GB: As a historian, your job is both to collect and curate. With so many new sources of information, competing world views, and the inherent politics of selection, how do you determine what is “valuable” or worth space on your shelves?

RD: Well of course I work mainly on the 18th century, largely in French sources, although my last book, which is a book about censorship, dealt with 20th-century Communist East Germany and 19th-century British India, so my views are on lots of different archives. In each case, of course, for me, the archives are absolutely central, the archives provide the foundation of the scholarship which I finally publish. So much of my research is a matter of locating the relevant archives.

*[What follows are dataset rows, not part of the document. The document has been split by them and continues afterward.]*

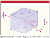 The Nicol prism (Figure 10) takes advantage of this phenomenon. Formed by two calcite prisms having a 68° angle, as the o-rays and e-rays diverge, the o-rays internally reflect at the inner boundary and are directed away. The e-rays emerge, linearly polarized and slightly shifted in path. A Wollaston prism (Figure 11) is similar in effect but does not involve internal reflection of the o-rays.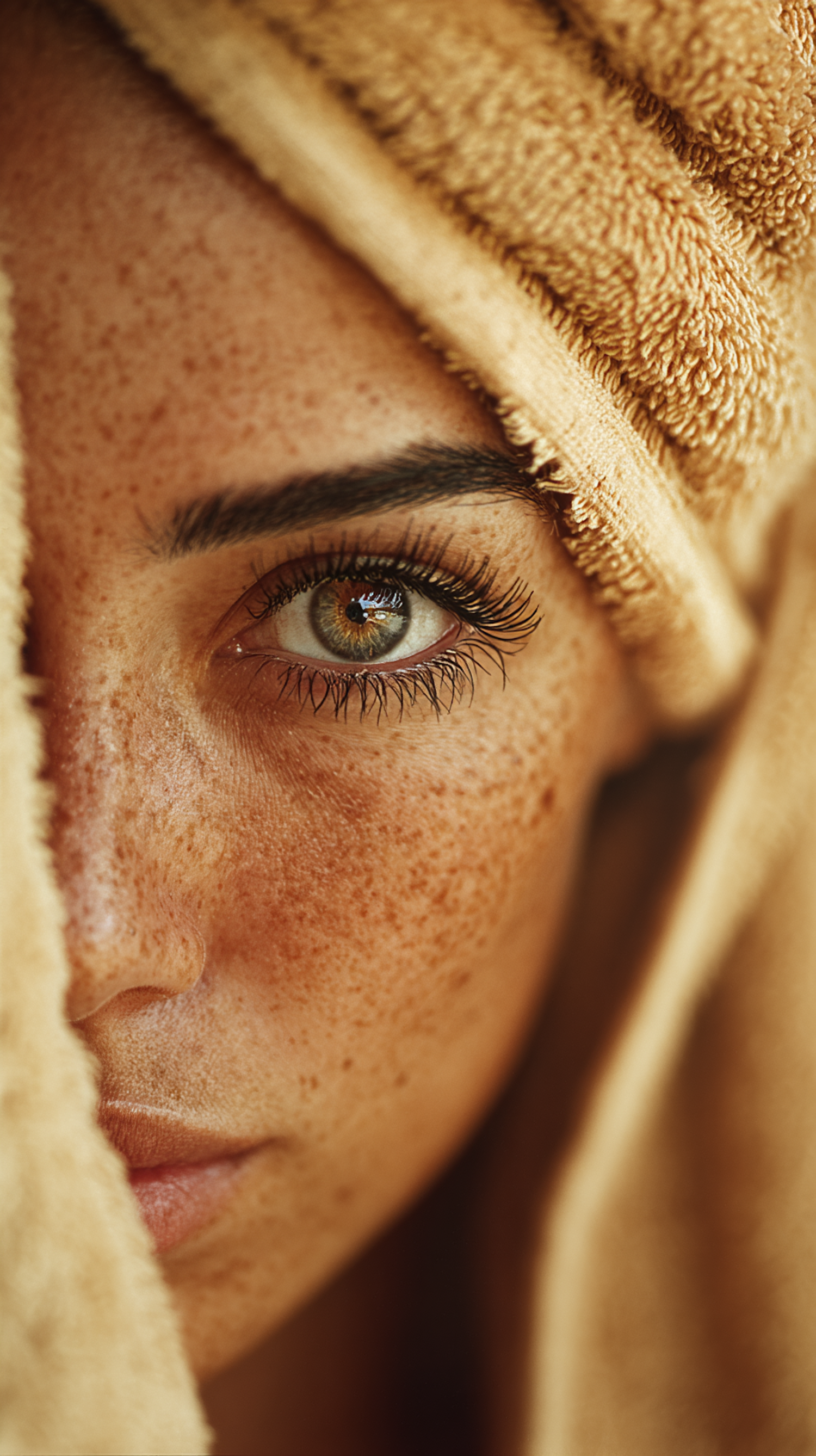 Close-up of a freckled face with a greenish-brown eye, wrapped in a beige towel, showcasing natural beauty and soft textures.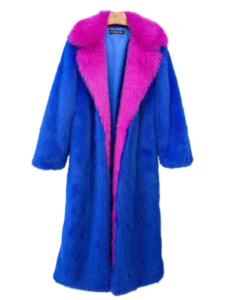 Stay cosy and stand out with this Blue and Pink Contrast Long Faux Fur Coat! With a bold magenta lapel that pops against the navy blue fur, this long, soft, and warm coat is perfect for festivals or chilly adventures. It features a turn-down collar, hook-and-eye closures, and thick faux fur for ultimate comfort and style. Long sleeves and a fun, vibrant vibe make it a must-have for staying festival fabulous in the cooler evening temperatures.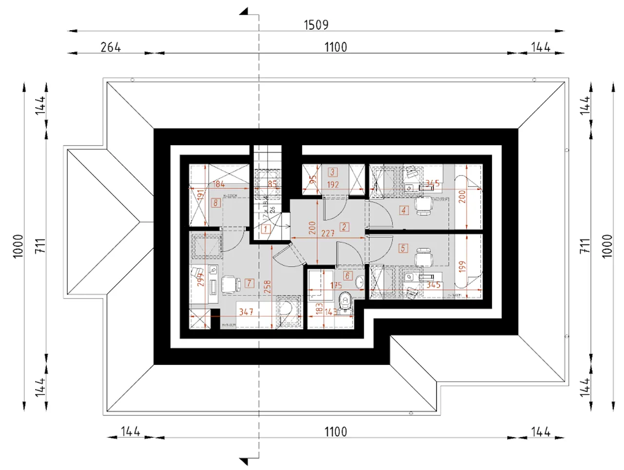 Wypełnij formularz i otrzymaj rysunki w pdf z dokładnymi wymiarami budynku i pomieszczeń (długość, szerokość, wysokość) dla projektu D144D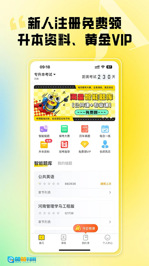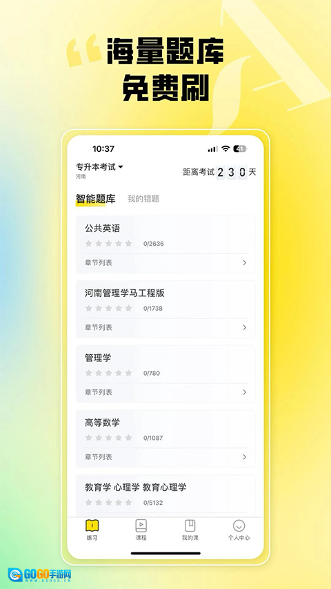 4. 智能题库与练习板块:这里拥有海量专升本练习题,涵盖随机练习、章节练习以及历年真题等丰富多样的练习模式。通过这些练习,助力用户扎实巩固知识点,有效提升应试能力。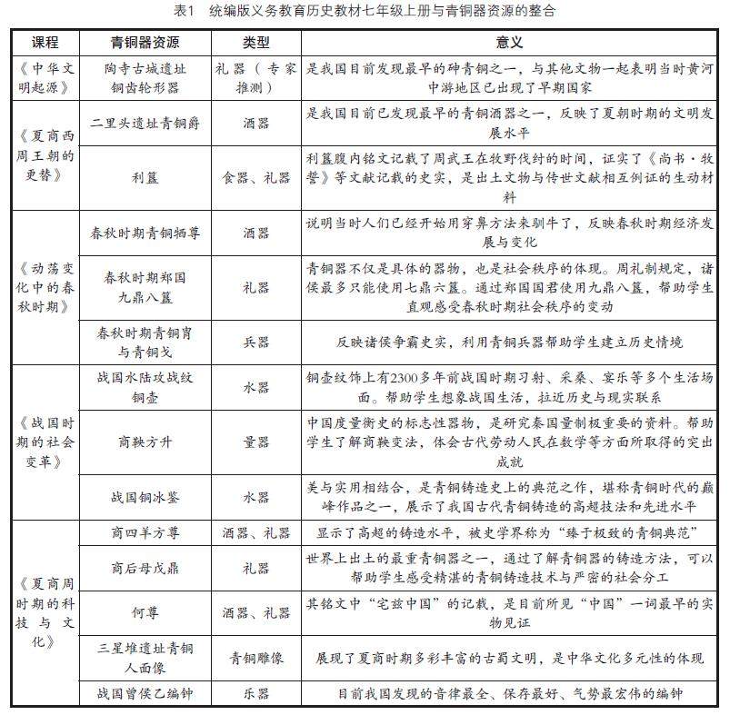 关键词:文物资源;青铜器;初中历史教学;核心素养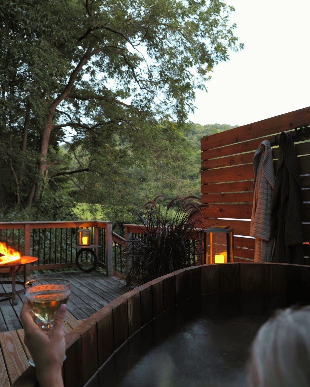 Located beside the Farmhouse, the newly renamed Nest Cabin is a cozy 480-square-foot retreat in the heart of Wisconsin’s Driftless Region. Inside, you’ll find a blissful, light-filled interior designed for comfort, and outside, a private Japanese Ofuro-style hot tub invites you to soak under the stars.

It is not relevant to the question of what archives should be preserved today. I’m dealing with archives that already exist, but one thing I have learned, in now a lifetime of working in different archives, is that the organization of archives is absolutely crucial to the way you organize a book and even your understanding of the subject. That may sound puzzling but people who haven’t done the extensive work in archives don’t really understand—why should they?—what this kind of work is like.

The researcher comes into a set of archives that are already organized according to the way they were generated. So if they are state papers, they could be the archives of the interior ministry or the ministry of foreign affairs. Or if they are family archives they might be a correspondence between a mother and her daughter, et cetera.

Now your perspective on activities is determined by the run of archives in whatever series is made available to you. So a famous example is Tocqueville’s famous masterpiece, The Old Regime and the Revolution, which many read at some point or another in college. It is a great book, a very important book, but its central argument is that France became centralized, so over-centralized that the state was dominating life throughout the country, and this was a problem that was directly connected with the French Revolution, with centralization as the theme. Now Tocqueville studied a particular run of the archives, which was called the “Series C.” In France, the archives all have particular denotations. If you read the “Series C,” it is all about intended correspondence with the central government, and it is as if the central government is absolutely controlling the country. But if you read another series it doesn’t look like that at all. Tocqueville, although he was a good researcher and a great historian, had his perspective skewed by the fact that he depended on a particular run of archives that gave the impression that the state was controlling everything, and so state control of everything became his main theme.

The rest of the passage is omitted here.